Assigned task: Your task is to write out the entire listing exactly, omitting its pictures.

╔══

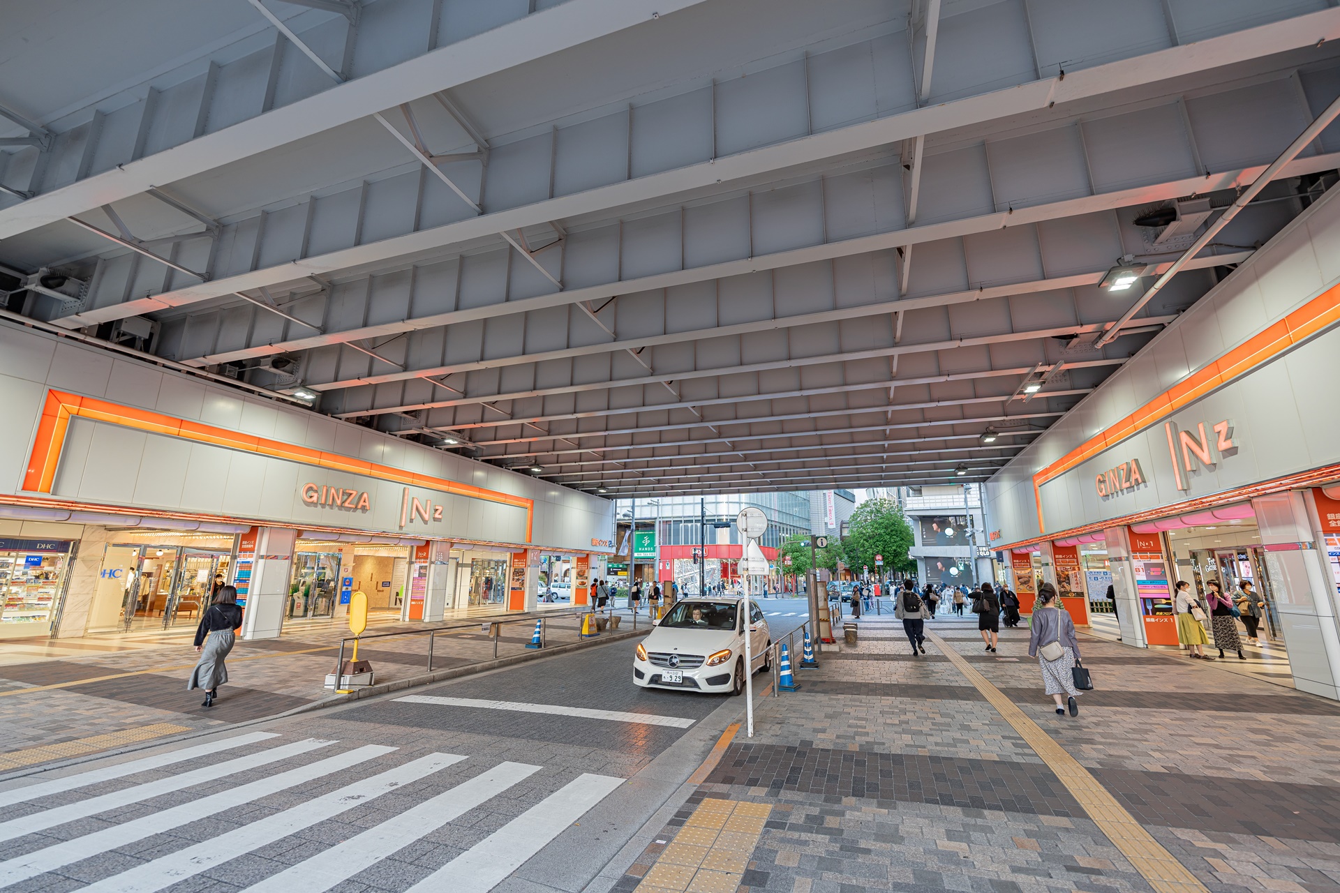 도쿄 수도고속도로 아래에서 긴자 인즈 몰 같은 많은 가게들이 모여 있습니다.
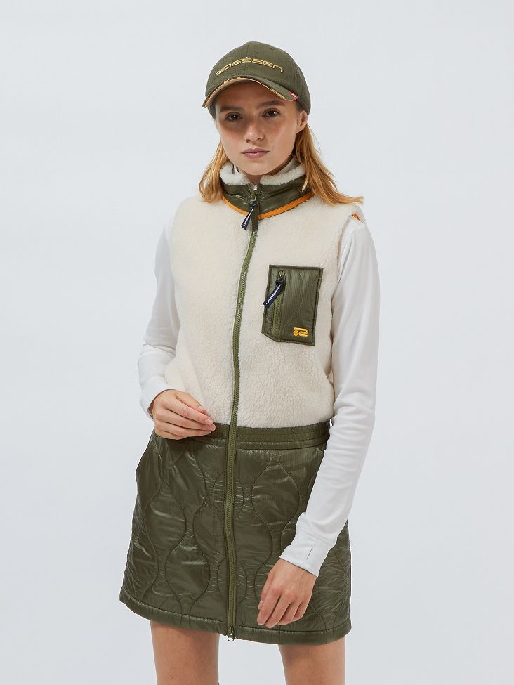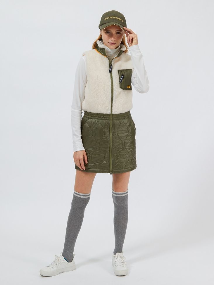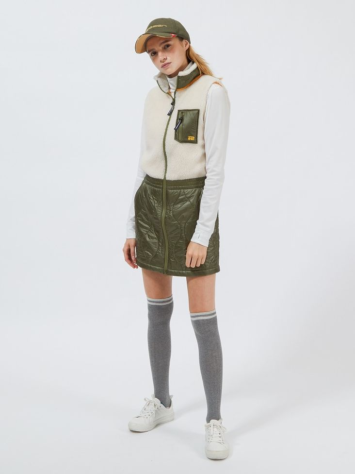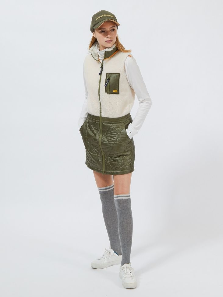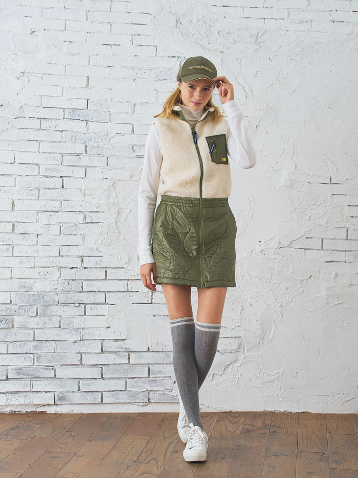 リップストップのキルティングを組み合わせたボアワンピースを使用したコーデ。裏地にタフタや蓄熱の裏地をしようすることで防風性と保温性を向上させたアイテム。一枚で特徴のあるアイテムなので裏起毛の防風インナーをシンプルに合わせ、スタイリング。
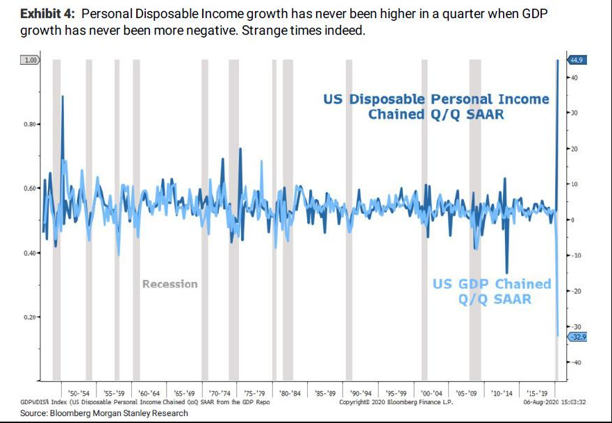摩根士丹利首席美股策略师MichaelWilson表示,尽管现在依然身处前所未有的深度衰退中,但二季度美国个人可支配收入增速创下新高。让人感到不寻常的不只是这种分化现象,更是其程度之深。这是美国政府大规模财政刺激带来的直接结果,从下图来看,财政刺激计划效果超预期地实现了目标。
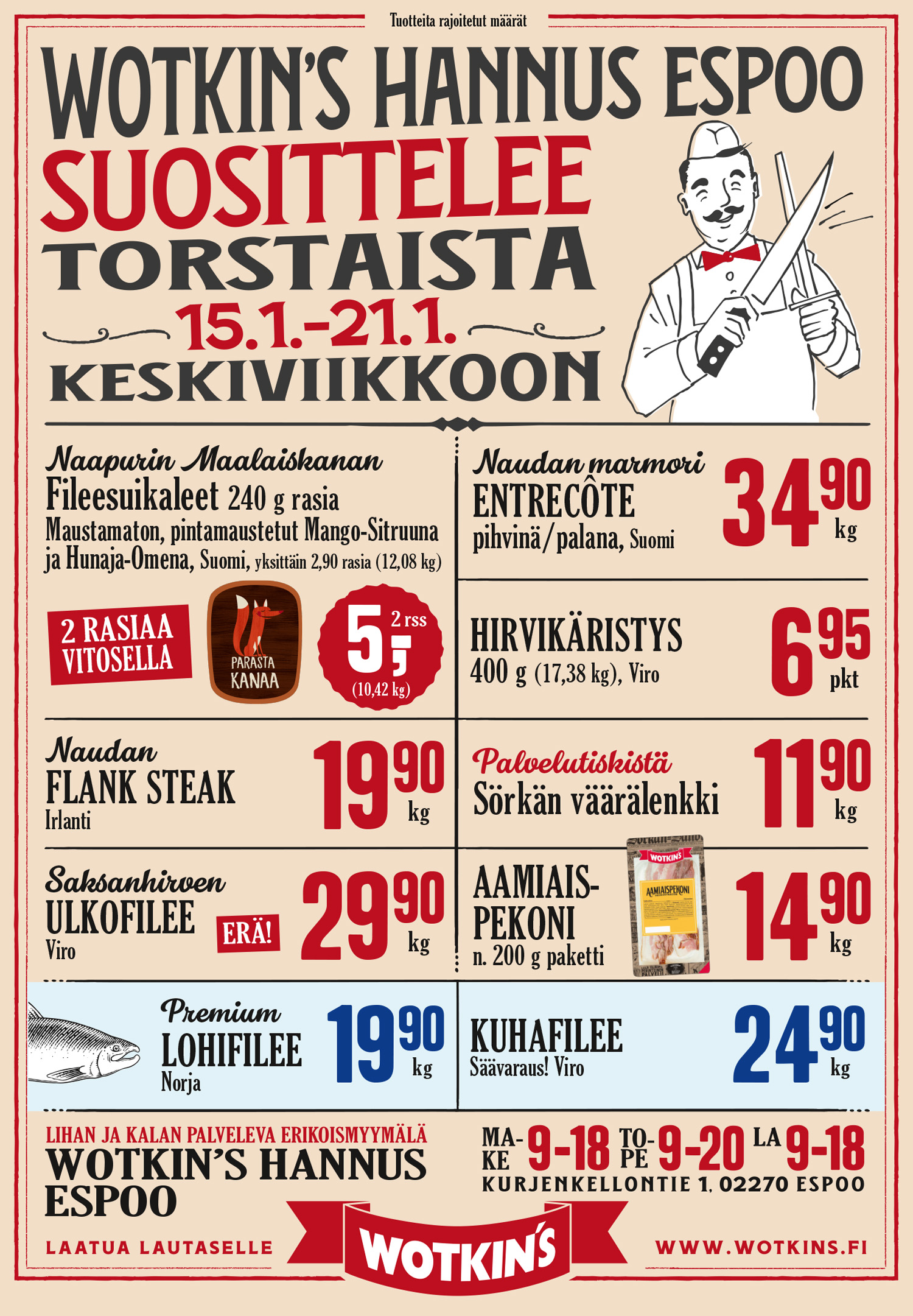Espoon Hannuksen myymälämme palvelee maanantaista lauantaihin Lidlin naapurissa. Myymälästä löydät palvelevan liha- ja kalatiskin, korkealuokkaiset oman tehtaan jalosteet ja keittiön maukkaat kotiruoat. Sen lisäksi paljon muita uusia herkkuja.
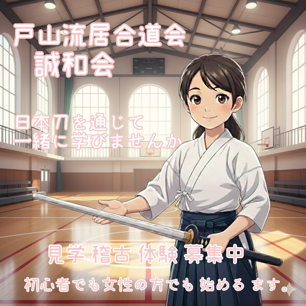 目に止めていただきありがとうございます。 誠和会は、戸山流居合を稽古しています。 年齢 性別 経験 未経験 関係なく 頑張りたいと思いっきり [...]
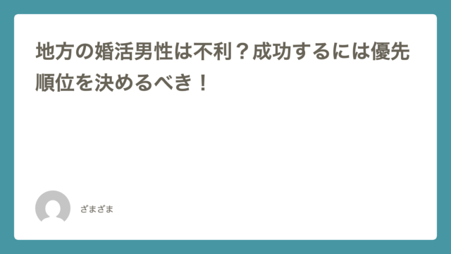 地方の婚活男性は不利?成功するには優先順位を決めるべき!
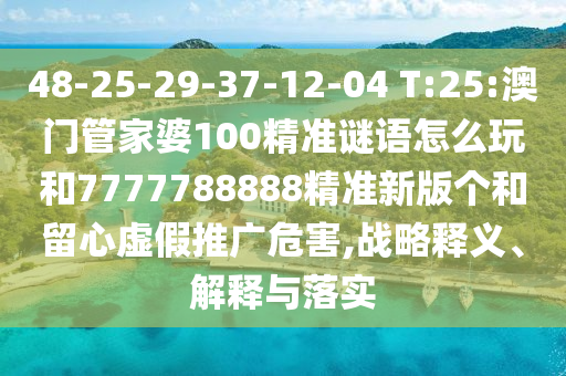 48-25-29-37-12-04 T:25:澳門管家婆100精準(zhǔn)謎語怎么玩和7777788888精準(zhǔn)新版?zhèn)€:戰(zhàn)略釋義、解釋與落實(shí)
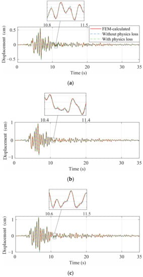 Since the nonlinear model is difficult to determine in real applications, the residual force in Equation (9) is unknown in most cases. Notably, if the introduced physics constraint is errored, it can even negatively affect the network’s training process. How to introduce prior physical knowledge into the network in nonlinear situations is still an open problem worthy of further studies. Nevertheless, if the adopted network model itself does not apply to the nonlinear situation, the physics loss becomes meaningless. Thus, we removed the physical loss and only trained the network with the empirical MSE loss in this section to further validate the feasibility and fitting ability of the origin network model as the basis for further introduction of any physics constraints.

╚══

Written solution:
 도쿄 수도고속도로 아래에서 긴자 인즈 몰 같은 많은 가게들이 모여 있습니다.
 リップストップのキルティングを組み合わせたボアワンピースを使用したコーデ。裏地にタフタや蓄熱の裏地をしようすることで防風性と保温性を向上させたアイテム。一枚で特徴のあるアイテムなので裏起毛の防風インナーをシンプルに合わせ、スタイリング。
摩根士丹利首席美股策略师MichaelWilson表示,尽管现在依然身处前所未有的深度衰退中,但二季度美国个人可支配收入增速创下新高。让人感到不寻常的不只是这种分化现象,更是其程度之深。这是美国政府大规模财政刺激带来的直接结果,从下图来看,财政刺激计划效果超预期地实现了目标。
Espoon Hannuksen myymälämme palvelee maanantaista lauantaihin Lidlin naapurissa. Myymälästä löydät palvelevan liha- ja kalatiskin, korkealuokkaiset oman tehtaan jalosteet ja keittiön maukkaat kotiruoat. Sen lisäksi paljon muita uusia herkkuja.
 目に止めていただきありがとうございます。 誠和会は、戸山流居合を稽古しています。 年齢 性別 経験 未経験 関係なく 頑張りたいと思いっきり [...]
 地方の婚活男性は不利?成功するには優先順位を決めるべき!
 48-25-29-37-12-04 T:25:澳門管家婆100精準(zhǔn)謎語怎么玩和7777788888精準(zhǔn)新版?zhèn)€:戰(zhàn)略釋義、解釋與落實(shí)
 Since the nonlinear model is difficult to determine in real applications, the residual force in Equation (9) is unknown in most cases. Notably, if the introduced physics constraint is errored, it can even negatively affect the network’s training process. How to introduce prior physical knowledge into the network in nonlinear situations is still an open problem worthy of further studies. Nevertheless, if the adopted network model itself does not apply to the nonlinear situation, the physics loss becomes meaningless. Thus, we removed the physical loss and only trained the network with the empirical MSE loss in this section to further validate the feasibility and fitting ability of the origin network model as the basis for further introduction of any physics constraints.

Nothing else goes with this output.